Without including any pictures, reproduce the full listing exactly.
>>
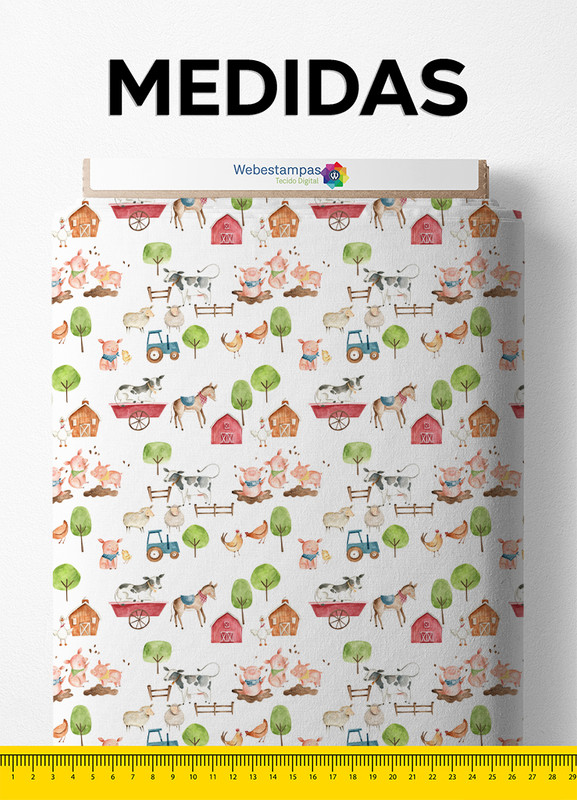 Tecido Microfibra Estampa Digital Fazenda dos Animais 1,55m de Largura
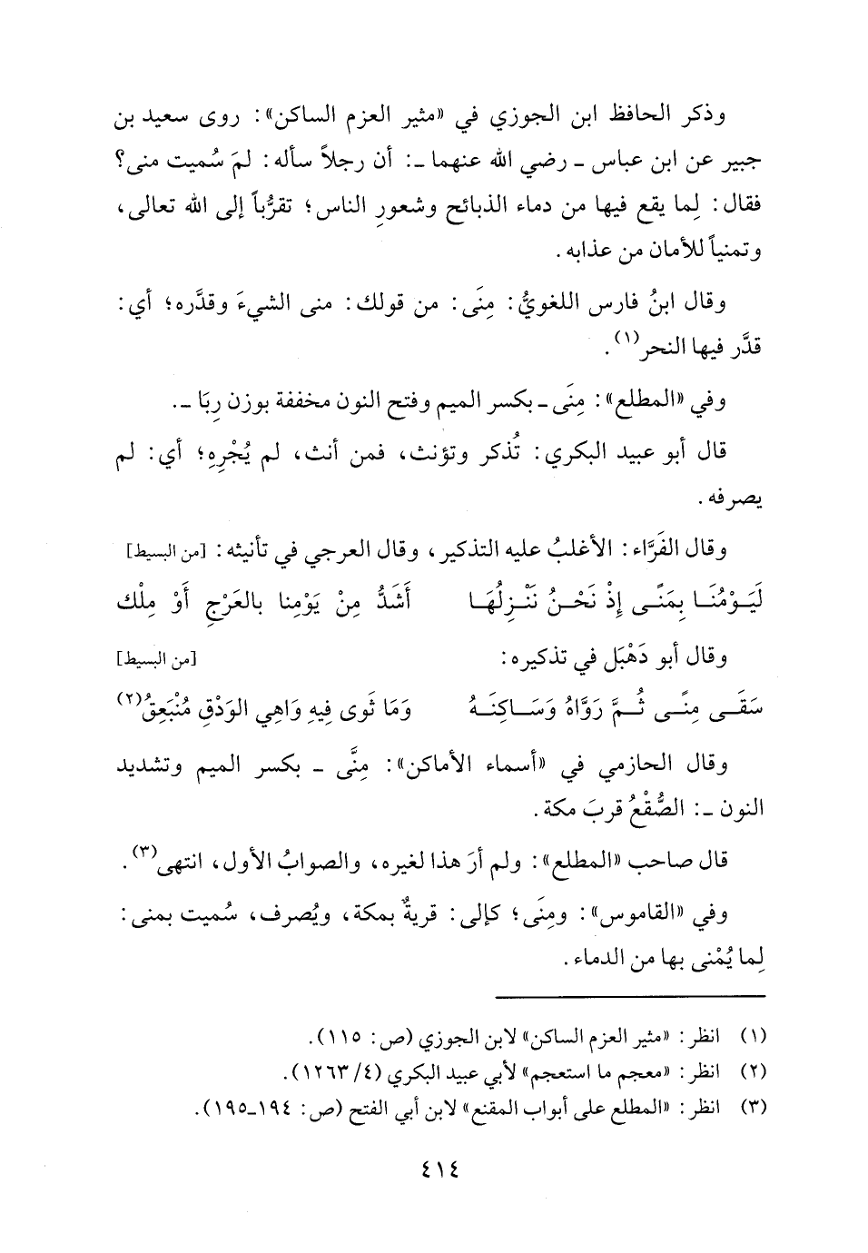 وذكر الحافظ ابن الجوزي في "مثير العزم الساكن": روى سعيد بن جبير عن ابن عباس - رضي الله عنهما -: أن رجلًا سأله: لمَ سُميت منى؟ فقال: لِما يقع فيها من دماء الذبائح وشعورِ الناس، تقرُّبًا إلى الله تعالى، وتمنيًا للأمان من عذابه.
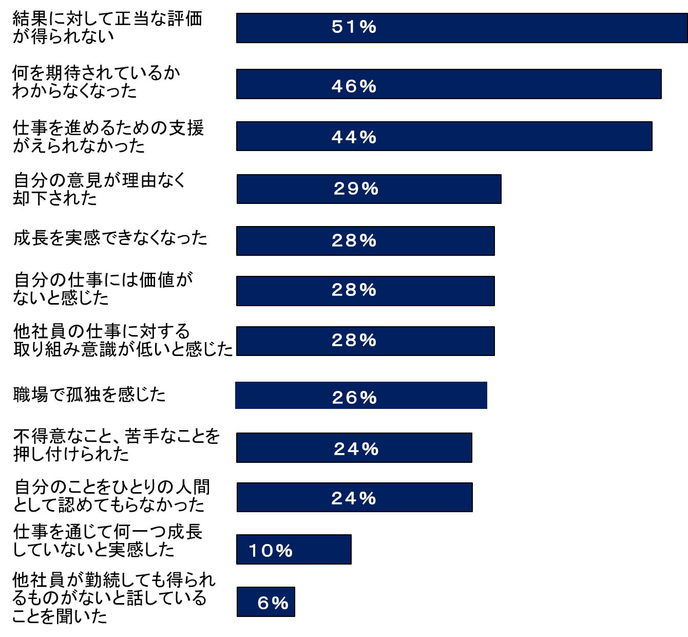 “最もやる気がなくなる”のは、「結果に対する正当な評価が得られないこと」との結果
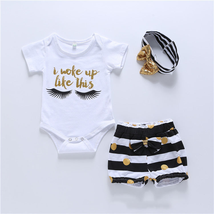 おしゃれに映えて夏の気分が上がる 女の子半袖ロンパース&ボーダーショートパンツ&ターバン3点セット コットン ホワイト 70~110cm
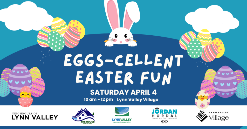 Join Lynn Valley Community Association for lots of free family fun and games on Saturday, April 4, 10 am – noon, at the Lynn Valley Village Plaza. Enjoy an eggs-citing scavenger hunt with prizes for all and a roving magic show.
<<
Task output
 Tecido Microfibra Estampa Digital Fazenda dos Animais 1,55m de Largura
 وذكر الحافظ ابن الجوزي في "مثير العزم الساكن": روى سعيد بن جبير عن ابن عباس - رضي الله عنهما -: أن رجلًا سأله: لمَ سُميت منى؟ فقال: لِما يقع فيها من دماء الذبائح وشعورِ الناس، تقرُّبًا إلى الله تعالى، وتمنيًا للأمان من عذابه.
 “最もやる気がなくなる”のは、「結果に対する正当な評価が得られないこと」との結果
 おしゃれに映えて夏の気分が上がる 女の子半袖ロンパース&ボーダーショートパンツ&ターバン3点セット コットン ホワイト 70~110cm
 Join Lynn Valley Community Association for lots of free family fun and games on Saturday, April 4, 10 am – noon, at the Lynn Valley Village Plaza. Enjoy an eggs-citing scavenger hunt with prizes for all and a roving magic show.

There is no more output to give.